Resume Parsing, known as CV Parsing, Resume Extraction or CV Extraction, is the conversion of a free-form CV/resume document into structured information in JSON or XML format — suitable for storage, reporting and manipulation.
Input:This parser will be used to parse thousands of UNSTRUCTURED resumes in html, word (doc, docx), rtf, text, rtf and pdf formats. Resumes will be in English language to start with but the parser should be capable of parsing resumes in other languages.
Output: JSON or XML format files of the resume when all the words from resume are parsed and structured correctly.
Parser should also output the report and metric on what worked and what did not. This report should help in further tuning the parser.
Accuracy: We areexpecting a high degree of accuracy. Ideally the parser should be able to reach maintain 95% accuracy. We are expecting minimum of 90% accuracy for each resume.
Method: We are not looking at keyword based parser. We are looking for a parser that can be trained and improve its accuracy over a period. Also, the fields parsed should be configurable and we should be able to extend the parser in a fashion that we can add more fields to be parsed with little effort. Parser should be able to do Fuzzy look up
Resume Parser should be written such that in can eventually be invoked using a web based application.
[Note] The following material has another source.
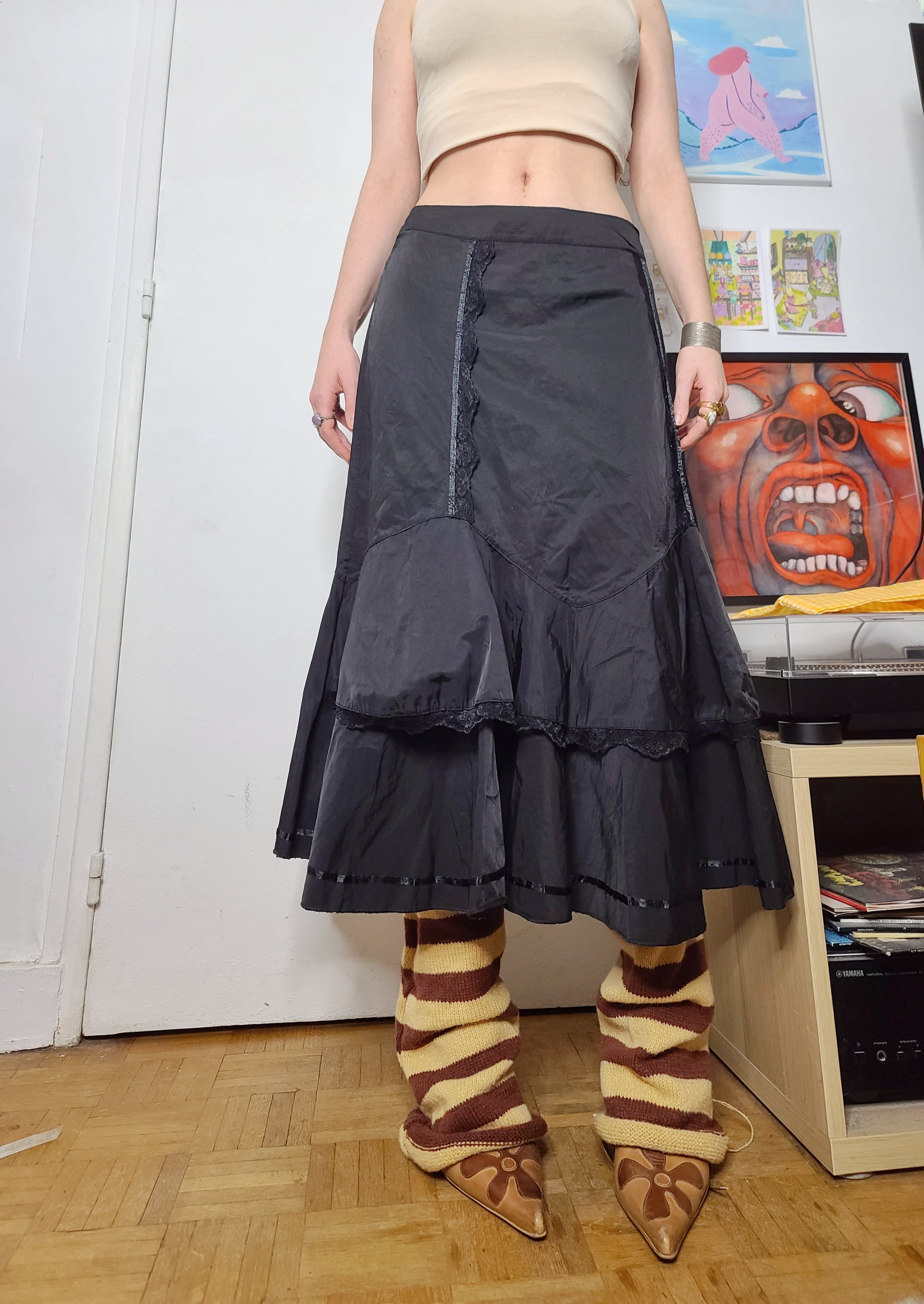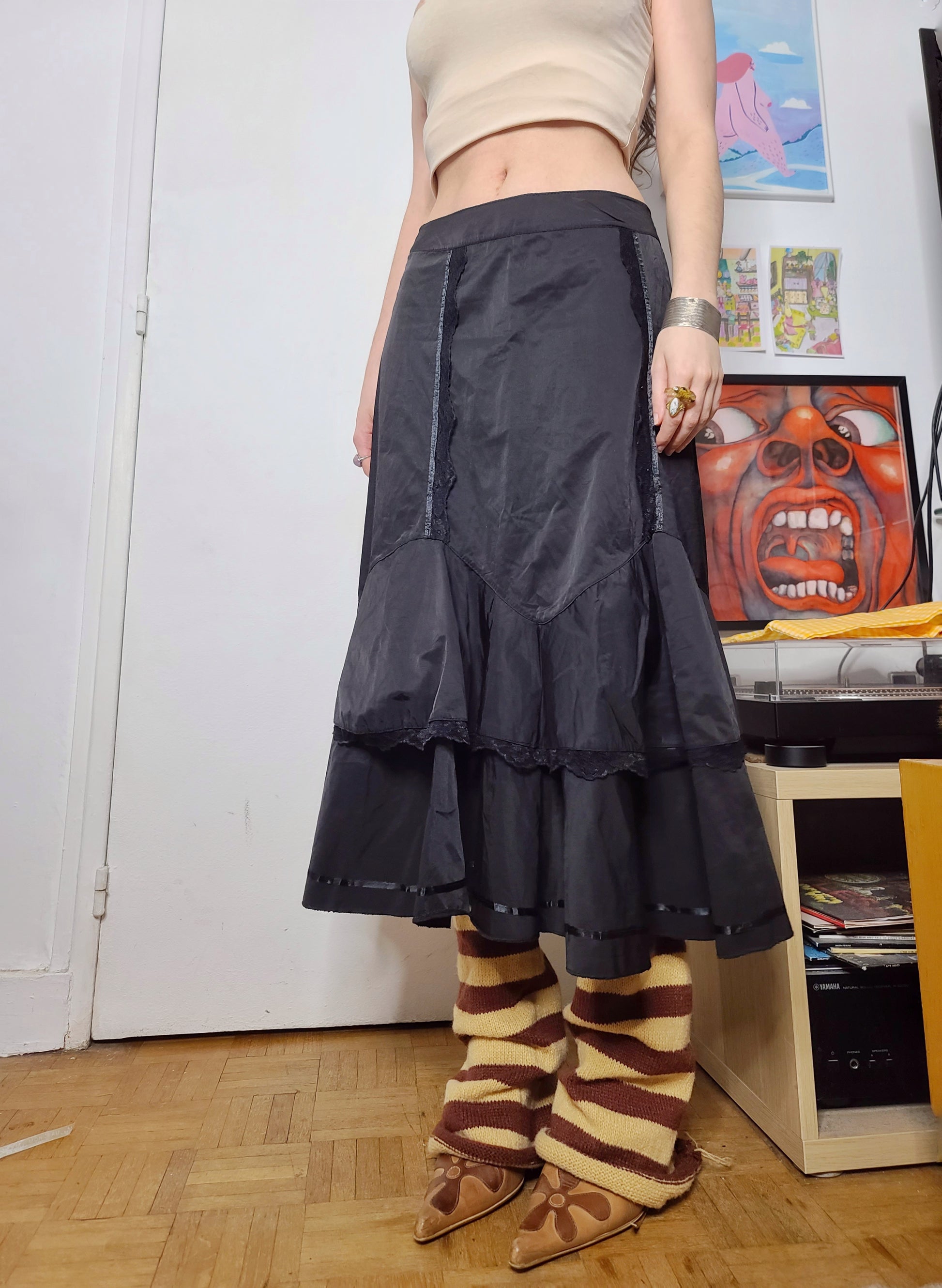 Very beautiful vintage black skirt from the 2000s, y2k, flirtatious fairy with lace and ruffles

In order to identify information from CVs and profiles, the extraction engine should learn to create “rules” within its machine-learning algorithms by analysing the data.
Fields that need to be parsed – Not all the resumes will have all the fields – Also the parsing should not limit to just these fields.
1. First Name
2. Middle Name
3. Last Name
4. Email Address
5. Mobile Number
6. Date of Birth
8. Social media profile links
15. Zip Code
18. Current Location
19. Skills(top to bottom)
20. Current Company Name
21. Current Company Designation
22. Current Company Start Date
23. Current Company End Date
24. Current Company Roles & Responsibilities
25. Previous Company Name
26. Previous Company Designation
27. Previous Company Start Date
28. Previous Company End Date
29. Previous Company Roles & Responsibilities
31. Year of passing
34. Marital Status
35. Language Known
38. Soft Skills
39. Training courses
Output of the parser should be an xml or JSON tagged file, one xml file for each parsed resume, output file name to be the same as the input file name with extension.
All the parsed fields will be used to upload into a MySQL database. Parser is also required to do the database insertion as part of the parsing process.
We will supply a sample set of resumes, as many as you need to be successful.